Reputation: 977
I have a pyspark dataframe df with two existing columns name
and birthdate
for which I want to overwrite the values with random values.
For column name
I want to have a string with a random set of letters with a fixed length (say 10). The string should be randomized for each row so all rows don't get the same string.
for column birthdate
I want a string on format YYYY-MM-DD
. I want each row to have a random value between 1960-01-01
and 2019-01-01
.
How can I achieve this?
Upvotes: 0
Views: 789
Reputation: 56
You could create random Strings with
''.join(random.choice(string.ascii_lowercase) for x in range(size))
and random Dates with
month = random.randint(1, 12)
str(random.randint(1960, 2018)) + '-' + str(month)+'-' + (str(random.randint(1, 28)) if month == 2 else str(random.randint(1, 30)) if month % 2 == 0 else str(random.randint(1, 31)))
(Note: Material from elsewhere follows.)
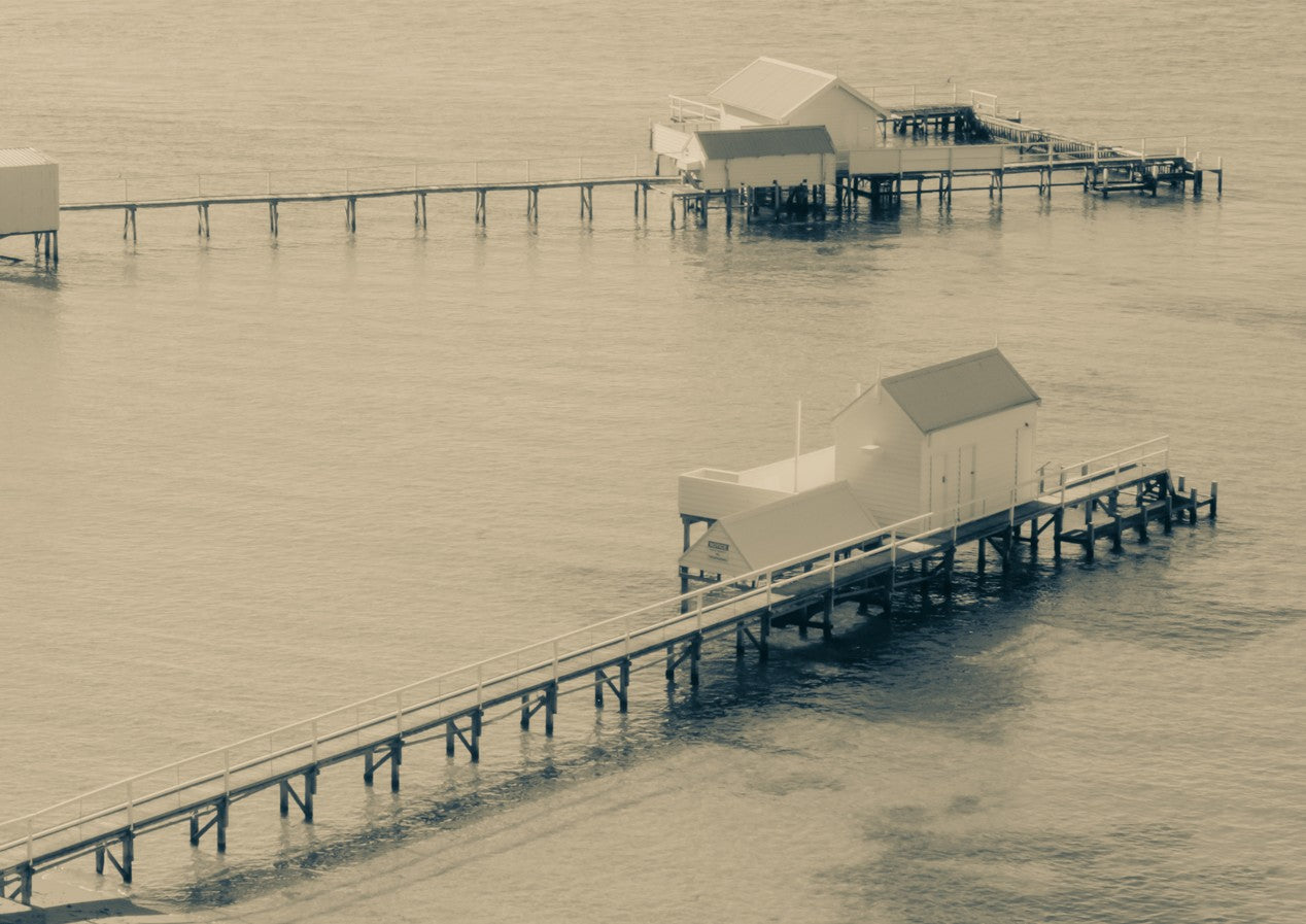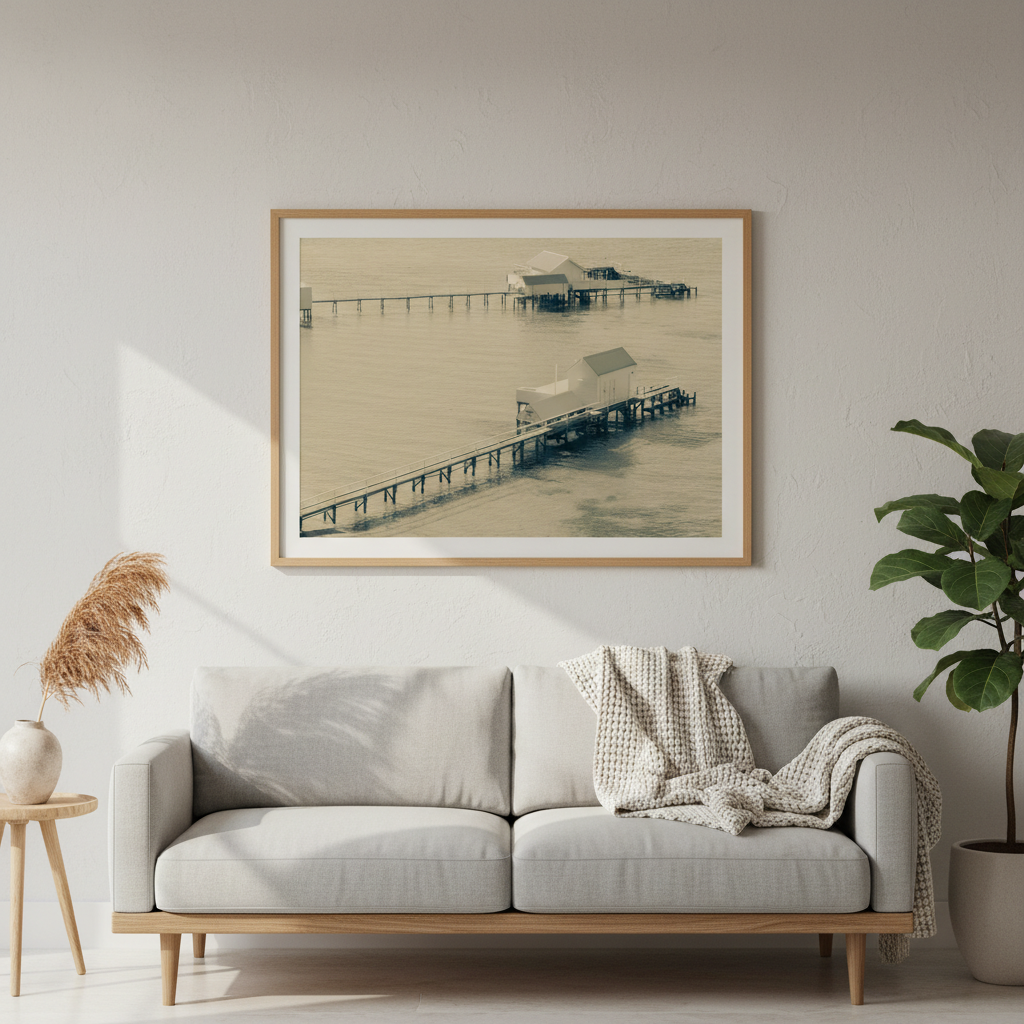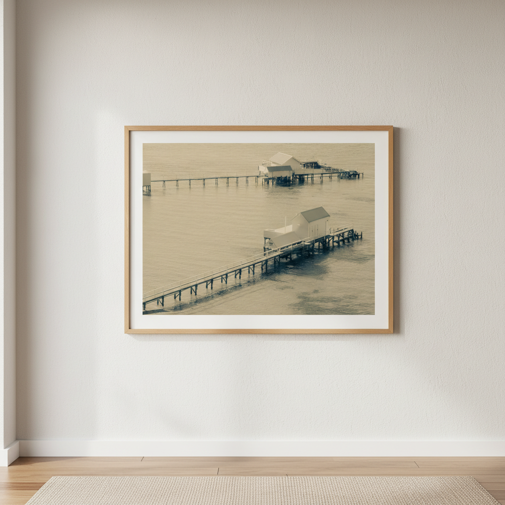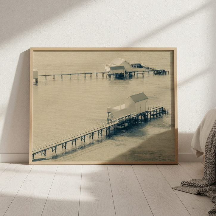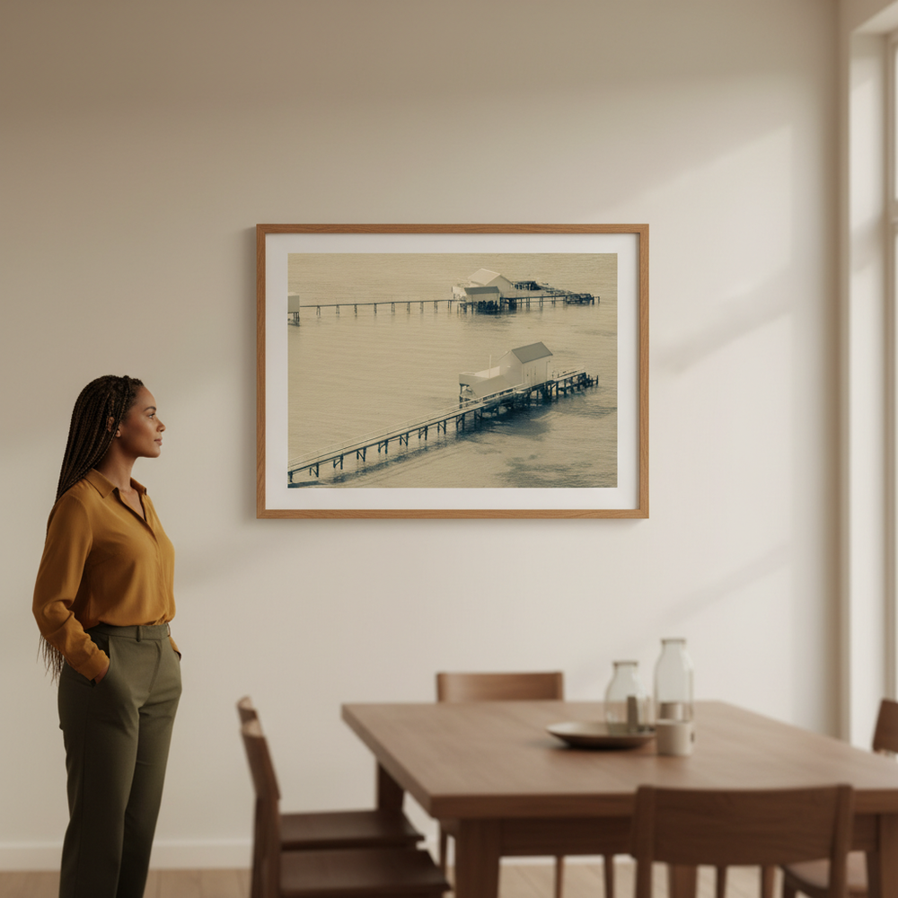 Capture the serene beauty of a long wooden pier stretching into calm waters, with charming buildings nestled at its end. This stunning artwork brings coastal tranquility into your space.

don't forget to import random
and import string
.
To create an array with the shape of the dataframe create an numpy.ndarray with the same size
import numpy as np
arr = np.ndarray(2, len(dataframe[0]))
and than give it the right values through an loop
for y in range(len(dataframe[0])):
arr[0, y] = ''.join(random.choice(string.ascii_lowercase) for x in range(size))
month = random.randint(1, 12)
arr[1, y] =str(random.randint(1960, 2018)) + '-' + str(month)+'-' + (str(random.randint(1, 28)) if month == 2 else str(random.randint(1, 30)) if month % 2 == 0 else str(random.randint(1, 31)))
Upvotes: 1